• **EXERCISE INSTRUCTIONS**
Once the line containing "Calças chino slim" is found in the entries below, reproduce it and every line after it, stopping at and including the line containing "Outside the building"; reproduce nothing else, and keep each line exact.

• **LISTED RECORDS**

________________________

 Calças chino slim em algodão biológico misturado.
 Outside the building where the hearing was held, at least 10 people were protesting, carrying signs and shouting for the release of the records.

________________________

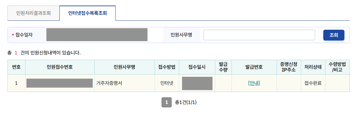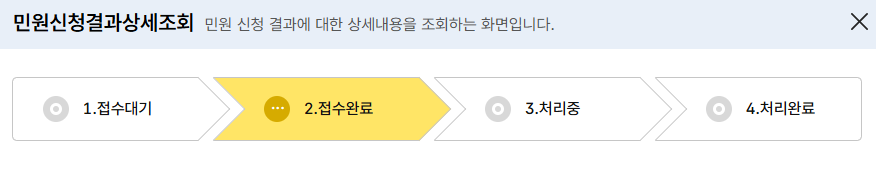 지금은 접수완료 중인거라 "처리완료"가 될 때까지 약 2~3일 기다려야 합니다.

________________________

• **WRITTEN REPLY**
 Calças chino slim em algodão biológico misturado.
 Outside the building where the hearing was held, at least 10 people were protesting, carrying signs and shouting for the release of the records.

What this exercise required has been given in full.